Why I'm a fan of training manuals
Before I left my last job, I made sure to write a manual for my co-worker Cheryl. We had recently switched to new CRM software and she did not know how to generate certain reports on the new program. I included all my print outs and highlighted all the shortcuts I had learned. My goal was to save Cheryl the effort and time of learning from scratch.
I was immediately put at ease on my first day of training at AMPED when Emily said, “I wrote a manual for you.” A “kindred spirit!”, as Anne of Green Gables would say.
I have become a big fan of manuals, and here are a couple of best uses.
Manuals for Yourself
Emily already had a detailed manual for my initial duties, but as I have added new responsibilities, I have started writing my own manual anytime I learn something new. I try to write down every last step and detail as soon as possible and take screenshots for steps that I know will be tricky to describe accurately.
This would seem a basic principal, but many manuals I have read leave out a critical step. While importing data to a website recently, I followed the manual provided and could not understand why the import was not completed. It turns out that the manual did not include an important final step.
It might seem cumbersome to write up a manual right after training, but you will save yourself time in the end. I am always confident I will remember everything perfectly, but when it comes to tasks I perform only occasionally, my memory is too often vague, and I waste a lot of time retraining myself.
Manuals do not have to be written. One of my first assignments at AMPED was a long-term database project for Tony. He wanted to know how many companies had renewed their membership after an email campaign. He also wanted to update contact information for future marketing lists.
He created a video for me using Camtasia, a video editing and screen recording program, to show me screen-by-screen the information he needed to be updated. The video was particularly helpful because the project was not urgent and something I worked on when I had time. I could rewatch the video to refresh my memory whenever I went back to it.
If Tony needs a similar report in the future and I am not available, he has the video ready to share without having to spend time retraining someone else.
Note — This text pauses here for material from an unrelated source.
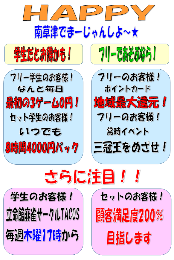 HAPPY滋賀県 ハッピー 滋賀県 南草津駅 徒歩20分 三麻、四麻、セット、フリー 電話する077-562-7700 地図 店舗トップ ルール 写真/動画 イベント 求人 クーポン プロ イチオシ ランキング クチコミ 総合 HAPPY - 5 0 ? 点数について 0件 詳細 雀荘クチコミの点数概要 クチコミの点数は、総合点数を中心に、全部で11項目あります。 12項目は「雀荘の営業形態についての項目」と「その他の環境についての項目」の2つにわかれます。 総合スコア (計11項目) 営業形態点数 (6項目) 雀荘の営業形態についての点数 フリー セット 健康麻雀 麻雀教室 ノーレート 三麻 その他の環境点数 (5項目) 雀荘の設備、その他の環境についての点数 設備 接客 居心地 CP(コストパフォーマンス)・清潔感 ※麻雀王国雀荘検索のクチコミの点数は、当社独自の基準に基づく評価であり、雀荘の価値を何ら保証するものではあ りません。あくまでの一つの参考としてご活用ください。 雀荘クチコミ点数の算出方法要 クチコミの点数は、「ユーザー評価」に独自のアルゴリズムで掛け合わせて算出しております。 麻雀王国では、日々信頼性の高い点数を追及し、微調整を行っております。 ユーザー評価 個人が付けた点数 (雰囲気、感性、感覚、状況、主観など) フリー- セット- 健康麻雀- 麻雀教室- ノーレート- 三麻- 設備 - | 接客 - | 居心地 - | CP(コストパフォーマンス) - | 清潔感 - フリー ¥300/般 セット ¥1,200/般 ¥600/学 長期契約安心店舗 全国* 滋賀県1位 オリジナルのオレンジ8筒採用! そのほかにも、毎月の成績ランキングなど、イベント盛りだくさんです! 学生セットなんと1卓1時間600円!8時間パック4,000円! お得な料金と楽しい雰囲気で、皆様のお越しをお待ちしております♪ 学生の方や初心者の方にも優しい、アットホームなお店です! 是非一度ご来店ください(*'▽') >>>学生限定!貸卓セット料金8時間1卓4000円!<<< 続きを見る 閉じる お店のイチオシポイント イチオシ 1 仲良く和気あいあい、アットホームなお店です 学生の方からご年配の方まで、幅広い層の方に麻雀を楽しんでいただけます! 初めてのフリーでも大歓迎!是非一度ご来店ください♪ イチオシ 2 ポイントカードは地域最大、キャッシュバックあります! お客様に長く楽しく通い続けていただけるよう、お得なポイントカードシステムを導入しております イチオシ 3 毎月イベント開催、豪華特典プレゼント! 毎月イベント開催中! 当店での麻雀がさらに楽しくなること請け合いです! お店のコトを友達に教える Facebook X(旧Twitter) Line Mail お店を評価する 閉店・休業・移転・情報違い報告 クチコミ投稿 報告内容詳細※必須 閉店 休業 移転 情報違い 送信する 最新情報 2024年2月29日(木) イベント 毎月開催!成績ランキング♪ トップ率・平均順位・防御率(ラス率)の成績上位者各3名に豪華景品プレゼント! 「ネット予約」&「チェックイン」で 来店人数×100Gもらえる! ログイン ご予約情報入力 来店日※ 2013年12月31日(火) 卓数※ 12345678910卓 予定開始※ 1:00 2:00 3:00 4:00 5:00 6:00 7:00 8:00 9:00 10:00 11:00 12:00 13:00 14:00 15:00 16:00 17:00 18:00 19:00 20:00 21:00 22:00 23:00 24:00 予定終了※ 1:00 2:00 3:00 4:00 5:00 6:00 7:00 8:00 9:00 10:00 11:00 12:00 13:00 14:00 15:00 16:00 17:00 18:00 19:00 20:00 21:00 22:00 23:00 24:00 お名前※ 携帯TEL※ メール※ ルール※ 四麻 三麻 点数※ 25000点 30000点 赤枚数※ 赤5マン01234 赤5ピン01234 赤5ソー01234 その他 チップ 焼鳥 備考 予約する クチコミ 投稿する お店の情報詳細 店名 HAPPY 住所 〒525-0072 [地図] 滋賀県草津市笠山4丁目3-20 電話 077-562-7700 交通手段 琵琶湖線 南草津駅 徒歩20分 JR南草津駅より徒歩20分 営業時間 15:00~ラスト [平日] 12:00~ラスト [土日祝] 定休日 木 〈木曜日〉 フリーのみお休みをいただきます。 営業内容 三麻、四麻、セット、フリー ゲーム代(フリー) ¥300/般 [東南戦/1回] ゲーム代(セット) ¥1,200/般 ¥600/学 [1卓1時間あたり] ゲーム代(健康麻雀) ゲーム代(麻雀教室) その他の料金 学生限定!貸卓セット料金 8時間1卓4000円! オープン日 2014年3月26日 お店のサービス・システム・設備 総卓数 7卓 卓種 点数表示付全自動卓×4全自動配牌卓×3 サービス パック料金、学割、自動配牌卓、フリードリンク システム・設備 ネット環境、PC、タブレット、スマホ 備考 関連エリア・路線 滋賀県の雀荘ランキング 南草津駅の雀荘ランキング 滋賀県の雀荘特集 滋賀県草津市の雀荘特集 南草津駅の雀荘特集 お店を利用する 電話する077-562-7700 地図滋賀県草津市笠山4丁目3-20 店舗トップ ルール 写真/動画 イベント 求人 クーポン プロ イチオシ ランキング ソーシャル [ 管理者ページ ]

Micro Video Manual for Frequent Problems on Website
Another great use of a video manual is when members are having difficulty navigating a section of your website. I received a number of calls after registration opened for a recent annual meeting. Callers were having trouble finding their company on the initial registration page. This was an important step because there was a discount for multiple attendees from the same company. When I mentioned the problem to Tony, he recorded a short video using Camtasia to show how to properly search and select the company and posted it on the registration page. The number of phone calls decreased significantly after the video was posted.